I have no issues with tests per se.
I think there are some genuine issues with SATs. They are narrow in focus (maths and English only).
The thing is that England, unlike some education systems, does not have a closely prescribed curriculum in general.
(In some countries, primary schools have to cover a fairly closely prescribed set scheme of work, year by year, term by term, based on state-mandated textbooks, and are required to spend a certain number of hours per week on each subject.)

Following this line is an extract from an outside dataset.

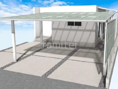 駐車スペースに2台用カーポート YKKAP エフルージュを設置し、オプションで側面パネルを追加することで風雨から車をしっかりと保護します。 また、建物横には前面パネル付きのテラス屋根 YKKAP ソラリアFを設置することで、プライバシーを保護しつつ、雨の日でも安心して洗濯物を干すことができます。

When a country does not have a closely prescribed national curriculum and then introduces high-stakes tests (punishing schools who do not pass at a certain level), then what tends to happen is that "the tests themselves start to become the curriculum." So schools increasingly dump anything that they think will not appear on the tests. And when tests consist solely of maths and English, well, you can see what is going to happen to other subjects like history, geography, music, art, science and RE.
You could get round this problem by having a much more detailed and prescriptive curriculum including textbooks a la Finland/Japan/Singapore, and having a wider range of SATS that cover all major subjects. And if you did that, you could probably afford to stop making the tests so high-stakes and punitive for schools, because you could feel a bit more confident that teachers are (roughly) following the curriculum that you want them to, so there would be less need to threaten and punish schools and teachers.
Honestly though, can you imagine the reactions of most English/Scottish teaching unions if governments proposed any of this (textbooks, more govt control over curriculum, a larger number of SAT tests that kids have to sit)? I think it would be wildly unpopular.
Just "remove the tests and do nothing else" is not working in Scotland. But if an education system does not want a high-stakes test-and-punish system, then schools need to be OK with having alternative kinds of government controls instead, like Japan and Finland etc. do. I see no political appetite for this.